_Exercise_
Could you print exactly the lines of the listing below, starting at the line that has "盛大に実施された抽選会(会場:食堂)" and ending at the line that has "大力推进南水北调水文化阵地建", and only those lines?

***** Input data *****

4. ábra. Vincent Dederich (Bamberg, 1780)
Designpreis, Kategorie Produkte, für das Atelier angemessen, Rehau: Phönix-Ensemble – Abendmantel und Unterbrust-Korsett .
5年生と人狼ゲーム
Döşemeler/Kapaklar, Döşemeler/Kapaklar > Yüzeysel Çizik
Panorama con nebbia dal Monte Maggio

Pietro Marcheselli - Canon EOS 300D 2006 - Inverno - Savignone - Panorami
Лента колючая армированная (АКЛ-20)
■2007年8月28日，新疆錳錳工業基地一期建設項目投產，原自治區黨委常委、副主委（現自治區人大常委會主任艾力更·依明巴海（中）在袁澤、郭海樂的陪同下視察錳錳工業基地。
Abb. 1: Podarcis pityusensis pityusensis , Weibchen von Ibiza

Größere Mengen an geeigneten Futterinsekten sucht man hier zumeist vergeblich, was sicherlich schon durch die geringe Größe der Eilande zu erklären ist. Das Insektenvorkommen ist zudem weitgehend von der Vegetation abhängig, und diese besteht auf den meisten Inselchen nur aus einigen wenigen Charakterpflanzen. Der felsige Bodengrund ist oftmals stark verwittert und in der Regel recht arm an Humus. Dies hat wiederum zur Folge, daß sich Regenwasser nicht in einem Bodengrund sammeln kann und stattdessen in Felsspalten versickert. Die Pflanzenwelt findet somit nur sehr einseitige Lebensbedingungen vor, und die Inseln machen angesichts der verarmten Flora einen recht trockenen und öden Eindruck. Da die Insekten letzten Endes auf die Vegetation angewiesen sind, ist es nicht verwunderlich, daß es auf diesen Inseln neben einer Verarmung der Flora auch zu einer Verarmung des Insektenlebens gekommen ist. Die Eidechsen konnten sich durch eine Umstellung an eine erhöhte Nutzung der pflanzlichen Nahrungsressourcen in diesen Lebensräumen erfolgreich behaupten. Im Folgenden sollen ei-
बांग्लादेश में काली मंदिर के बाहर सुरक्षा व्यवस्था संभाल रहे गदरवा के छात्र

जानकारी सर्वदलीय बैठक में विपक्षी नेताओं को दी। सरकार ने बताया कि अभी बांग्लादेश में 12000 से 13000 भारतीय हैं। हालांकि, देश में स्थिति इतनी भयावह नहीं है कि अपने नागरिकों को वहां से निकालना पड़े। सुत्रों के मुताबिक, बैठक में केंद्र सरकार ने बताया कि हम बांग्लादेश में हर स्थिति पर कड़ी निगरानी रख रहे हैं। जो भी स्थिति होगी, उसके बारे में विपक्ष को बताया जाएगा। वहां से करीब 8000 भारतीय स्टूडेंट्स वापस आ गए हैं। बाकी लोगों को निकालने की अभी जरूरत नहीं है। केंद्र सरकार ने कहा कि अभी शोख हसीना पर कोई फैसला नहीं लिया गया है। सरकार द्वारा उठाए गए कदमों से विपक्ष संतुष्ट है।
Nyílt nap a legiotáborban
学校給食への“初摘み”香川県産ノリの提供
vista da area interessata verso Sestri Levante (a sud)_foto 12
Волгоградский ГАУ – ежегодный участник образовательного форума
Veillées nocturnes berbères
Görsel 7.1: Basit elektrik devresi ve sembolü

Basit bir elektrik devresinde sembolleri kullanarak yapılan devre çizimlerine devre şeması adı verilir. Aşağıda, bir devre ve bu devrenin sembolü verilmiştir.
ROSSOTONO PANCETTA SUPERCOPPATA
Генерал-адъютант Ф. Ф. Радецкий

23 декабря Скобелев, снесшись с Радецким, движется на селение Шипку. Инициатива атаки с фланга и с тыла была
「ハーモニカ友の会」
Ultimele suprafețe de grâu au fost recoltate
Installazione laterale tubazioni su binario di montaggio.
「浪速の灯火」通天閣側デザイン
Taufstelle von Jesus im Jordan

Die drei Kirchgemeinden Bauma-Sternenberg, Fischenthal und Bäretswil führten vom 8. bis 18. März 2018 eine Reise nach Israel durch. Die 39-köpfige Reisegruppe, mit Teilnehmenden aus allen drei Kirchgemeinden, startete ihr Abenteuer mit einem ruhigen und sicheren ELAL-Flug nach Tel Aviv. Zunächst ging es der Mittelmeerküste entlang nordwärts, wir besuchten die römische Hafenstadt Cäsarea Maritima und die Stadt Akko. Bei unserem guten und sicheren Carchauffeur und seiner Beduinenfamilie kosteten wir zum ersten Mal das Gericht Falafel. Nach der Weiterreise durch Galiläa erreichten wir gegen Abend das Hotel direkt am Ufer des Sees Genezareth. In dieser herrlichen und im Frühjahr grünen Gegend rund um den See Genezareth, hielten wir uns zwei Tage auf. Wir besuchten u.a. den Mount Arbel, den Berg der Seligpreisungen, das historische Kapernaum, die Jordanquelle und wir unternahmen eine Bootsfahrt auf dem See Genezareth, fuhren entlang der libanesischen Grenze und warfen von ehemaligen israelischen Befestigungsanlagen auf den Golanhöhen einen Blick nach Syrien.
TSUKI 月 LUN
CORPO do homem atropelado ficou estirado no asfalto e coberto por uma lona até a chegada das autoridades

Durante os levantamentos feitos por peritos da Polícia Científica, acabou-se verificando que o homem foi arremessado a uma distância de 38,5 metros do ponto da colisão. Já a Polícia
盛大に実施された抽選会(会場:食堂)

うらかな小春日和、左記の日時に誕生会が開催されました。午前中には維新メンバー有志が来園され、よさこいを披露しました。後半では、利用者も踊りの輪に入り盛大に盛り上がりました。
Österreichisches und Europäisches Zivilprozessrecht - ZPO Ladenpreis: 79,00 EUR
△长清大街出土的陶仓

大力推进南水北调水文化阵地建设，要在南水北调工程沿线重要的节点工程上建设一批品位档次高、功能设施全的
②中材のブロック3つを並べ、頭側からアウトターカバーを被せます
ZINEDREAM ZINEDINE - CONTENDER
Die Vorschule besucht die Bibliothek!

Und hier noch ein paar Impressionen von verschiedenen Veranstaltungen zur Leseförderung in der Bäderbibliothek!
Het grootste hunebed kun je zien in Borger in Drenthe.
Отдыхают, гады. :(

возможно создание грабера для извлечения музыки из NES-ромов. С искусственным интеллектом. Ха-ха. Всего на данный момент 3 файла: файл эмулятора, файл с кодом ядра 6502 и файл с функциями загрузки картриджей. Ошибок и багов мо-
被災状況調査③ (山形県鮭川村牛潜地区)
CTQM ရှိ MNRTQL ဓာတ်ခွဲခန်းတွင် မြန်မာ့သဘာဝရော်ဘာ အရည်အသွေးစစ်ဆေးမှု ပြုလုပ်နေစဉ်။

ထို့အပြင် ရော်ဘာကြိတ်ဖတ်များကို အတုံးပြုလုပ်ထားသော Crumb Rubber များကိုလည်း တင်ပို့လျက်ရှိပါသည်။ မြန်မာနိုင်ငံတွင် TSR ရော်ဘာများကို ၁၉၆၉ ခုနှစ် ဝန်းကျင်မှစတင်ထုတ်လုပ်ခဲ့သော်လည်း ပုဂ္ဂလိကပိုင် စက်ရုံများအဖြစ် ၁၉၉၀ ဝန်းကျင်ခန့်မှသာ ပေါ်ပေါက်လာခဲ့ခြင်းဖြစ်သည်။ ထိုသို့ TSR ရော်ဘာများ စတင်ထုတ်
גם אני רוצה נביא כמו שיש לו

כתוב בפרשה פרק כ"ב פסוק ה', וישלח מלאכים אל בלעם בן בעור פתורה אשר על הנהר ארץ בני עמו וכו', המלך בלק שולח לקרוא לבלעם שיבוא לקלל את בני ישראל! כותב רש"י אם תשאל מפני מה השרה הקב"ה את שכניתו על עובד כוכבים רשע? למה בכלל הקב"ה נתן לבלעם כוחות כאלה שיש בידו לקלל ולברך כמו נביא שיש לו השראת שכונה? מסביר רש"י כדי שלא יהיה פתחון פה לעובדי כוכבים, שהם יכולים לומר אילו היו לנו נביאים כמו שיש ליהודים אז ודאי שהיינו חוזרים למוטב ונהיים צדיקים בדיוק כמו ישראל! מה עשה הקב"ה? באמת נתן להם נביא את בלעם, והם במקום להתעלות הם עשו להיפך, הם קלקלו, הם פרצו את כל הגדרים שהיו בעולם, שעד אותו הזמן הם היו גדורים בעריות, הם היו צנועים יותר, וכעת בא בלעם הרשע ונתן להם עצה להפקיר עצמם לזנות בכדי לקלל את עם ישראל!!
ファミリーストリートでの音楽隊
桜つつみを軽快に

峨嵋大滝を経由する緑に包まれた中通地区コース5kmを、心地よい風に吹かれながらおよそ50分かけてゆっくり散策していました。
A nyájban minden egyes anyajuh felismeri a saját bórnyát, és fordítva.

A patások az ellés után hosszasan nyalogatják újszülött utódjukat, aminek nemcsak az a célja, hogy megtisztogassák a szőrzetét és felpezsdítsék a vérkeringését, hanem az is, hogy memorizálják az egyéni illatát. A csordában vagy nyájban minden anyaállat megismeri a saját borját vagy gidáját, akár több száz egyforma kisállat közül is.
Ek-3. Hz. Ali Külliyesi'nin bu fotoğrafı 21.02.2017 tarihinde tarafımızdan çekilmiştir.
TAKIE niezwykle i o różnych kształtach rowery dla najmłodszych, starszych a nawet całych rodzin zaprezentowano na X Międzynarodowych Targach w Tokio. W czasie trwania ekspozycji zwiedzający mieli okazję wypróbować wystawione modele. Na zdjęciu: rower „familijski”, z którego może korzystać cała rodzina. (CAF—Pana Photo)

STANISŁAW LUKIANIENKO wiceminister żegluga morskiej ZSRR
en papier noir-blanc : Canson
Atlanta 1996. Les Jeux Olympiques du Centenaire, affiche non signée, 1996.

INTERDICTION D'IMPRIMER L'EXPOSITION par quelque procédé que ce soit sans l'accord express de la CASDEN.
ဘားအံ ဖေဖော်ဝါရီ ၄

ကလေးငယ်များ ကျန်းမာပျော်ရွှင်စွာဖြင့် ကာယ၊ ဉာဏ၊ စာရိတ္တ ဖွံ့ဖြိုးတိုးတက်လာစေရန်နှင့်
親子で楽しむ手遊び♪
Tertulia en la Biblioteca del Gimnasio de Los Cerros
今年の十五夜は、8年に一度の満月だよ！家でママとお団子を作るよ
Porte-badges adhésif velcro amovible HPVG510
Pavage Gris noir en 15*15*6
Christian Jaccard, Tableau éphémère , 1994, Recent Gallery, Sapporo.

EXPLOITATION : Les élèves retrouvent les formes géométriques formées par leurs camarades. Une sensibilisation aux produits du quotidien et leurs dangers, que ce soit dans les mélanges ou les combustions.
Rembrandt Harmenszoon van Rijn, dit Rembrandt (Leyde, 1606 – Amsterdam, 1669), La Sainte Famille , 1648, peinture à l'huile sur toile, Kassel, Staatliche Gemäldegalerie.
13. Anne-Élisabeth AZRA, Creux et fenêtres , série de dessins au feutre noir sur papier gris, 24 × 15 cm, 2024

*****

_Reply to the task_
盛大に実施された抽選会(会場:食堂)

うらかな小春日和、左記の日時に誕生会が開催されました。午前中には維新メンバー有志が来園され、よさこいを披露しました。後半では、利用者も踊りの輪に入り盛大に盛り上がりました。
Österreichisches und Europäisches Zivilprozessrecht - ZPO Ladenpreis: 79,00 EUR
△长清大街出土的陶仓

大力推进南水北调水文化阵地建设，要在南水北调工程沿线重要的节点工程上建设一批品位档次高、功能设施全的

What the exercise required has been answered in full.